For this exercise, reproduce the entries below exactly, but only from the line containing "Move to the" through the line containing "wreath with decorations", both included.

SUPPLIED INFORMATION
• • • • • • •
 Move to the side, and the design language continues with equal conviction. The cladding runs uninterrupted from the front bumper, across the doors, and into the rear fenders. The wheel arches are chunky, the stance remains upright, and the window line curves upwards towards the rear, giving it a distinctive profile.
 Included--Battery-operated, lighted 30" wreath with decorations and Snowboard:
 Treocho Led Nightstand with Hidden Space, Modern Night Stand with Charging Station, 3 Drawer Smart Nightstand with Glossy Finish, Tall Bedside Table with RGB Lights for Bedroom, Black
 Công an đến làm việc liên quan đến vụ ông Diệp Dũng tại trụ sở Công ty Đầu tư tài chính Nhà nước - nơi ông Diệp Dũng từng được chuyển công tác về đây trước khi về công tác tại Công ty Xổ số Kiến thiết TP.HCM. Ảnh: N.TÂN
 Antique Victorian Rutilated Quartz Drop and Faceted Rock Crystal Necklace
• • • • • • •
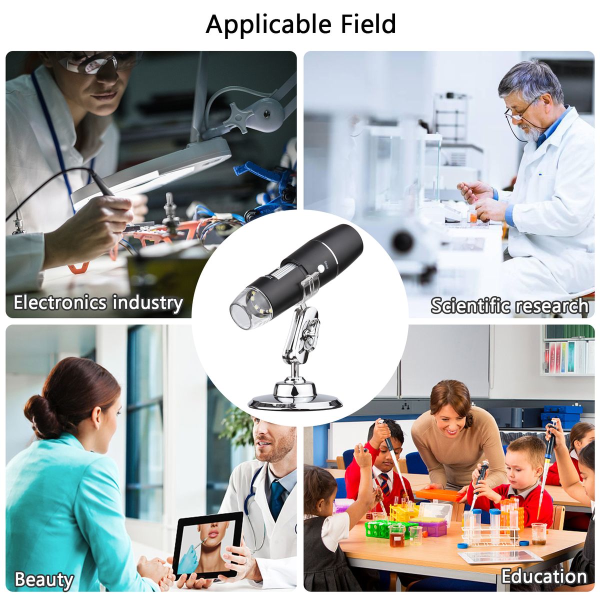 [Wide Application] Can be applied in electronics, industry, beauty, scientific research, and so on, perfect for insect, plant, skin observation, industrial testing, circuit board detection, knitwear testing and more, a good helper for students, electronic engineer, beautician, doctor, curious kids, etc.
• • • • • • •
EXERCISE RESULT
 Move to the side, and the design language continues with equal conviction. The cladding runs uninterrupted from the front bumper, across the doors, and into the rear fenders. The wheel arches are chunky, the stance remains upright, and the window line curves upwards towards the rear, giving it a distinctive profile.
 Included--Battery-operated, lighted 30" wreath with decorations and Snowboard:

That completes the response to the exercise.